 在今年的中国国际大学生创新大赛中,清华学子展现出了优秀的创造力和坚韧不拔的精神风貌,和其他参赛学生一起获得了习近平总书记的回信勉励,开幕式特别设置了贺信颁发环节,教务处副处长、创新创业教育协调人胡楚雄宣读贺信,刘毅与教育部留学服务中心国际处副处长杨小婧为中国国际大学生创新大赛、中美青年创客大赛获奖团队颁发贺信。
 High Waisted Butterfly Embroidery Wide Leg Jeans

□ □ □ □ □ □ □

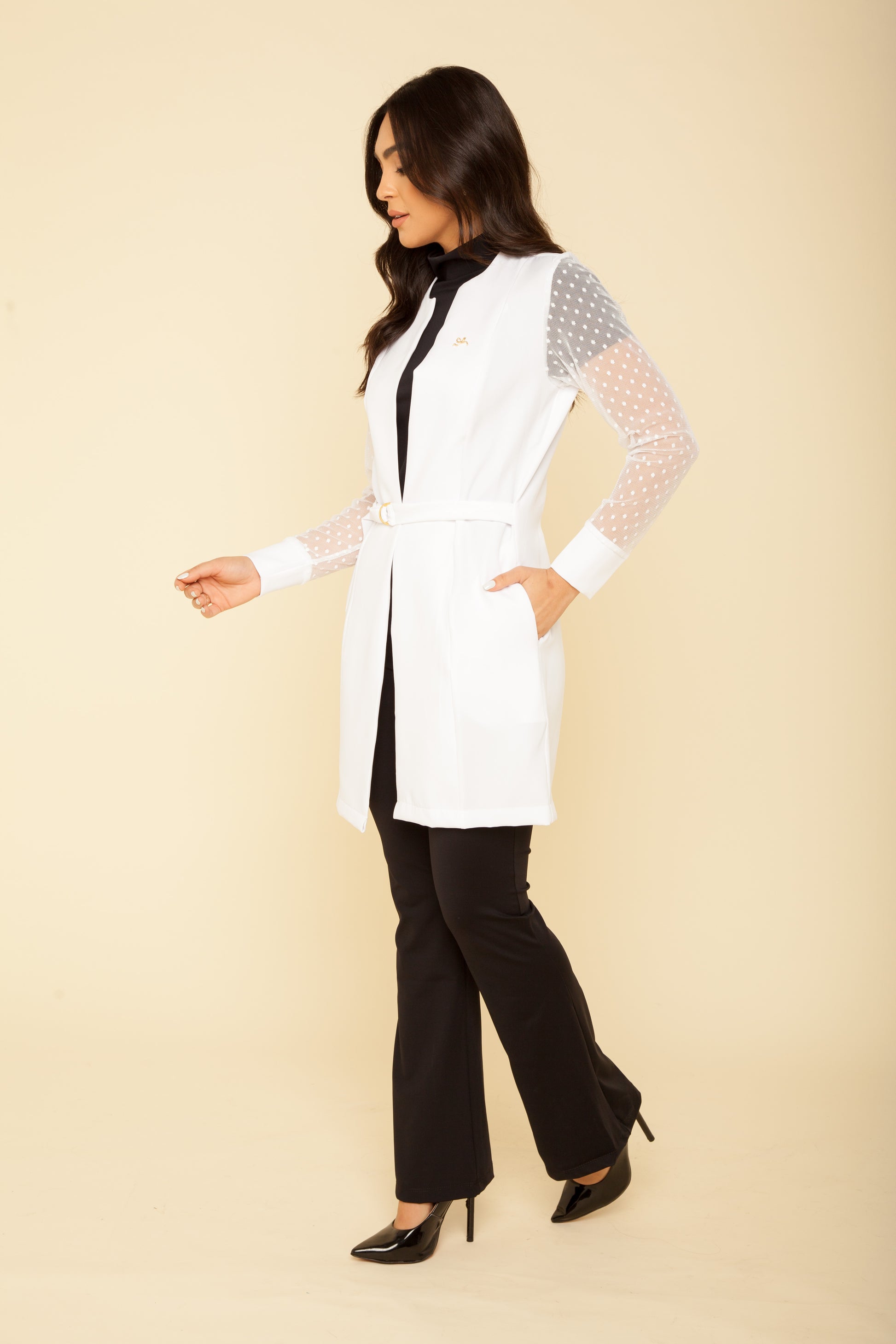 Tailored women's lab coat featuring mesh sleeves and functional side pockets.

□ □ □ □ □ □ □

Task details: With the line that has "在今年的中国国际大学生创新大" as the first and the line that has "High Waisted Butterfly" as the last, repeat exactly that run of lines above and no more.

Written response:
 在今年的中国国际大学生创新大赛中,清华学子展现出了优秀的创造力和坚韧不拔的精神风貌,和其他参赛学生一起获得了习近平总书记的回信勉励,开幕式特别设置了贺信颁发环节,教务处副处长、创新创业教育协调人胡楚雄宣读贺信,刘毅与教育部留学服务中心国际处副处长杨小婧为中国国际大学生创新大赛、中美青年创客大赛获奖团队颁发贺信。
 High Waisted Butterfly Embroidery Wide Leg Jeans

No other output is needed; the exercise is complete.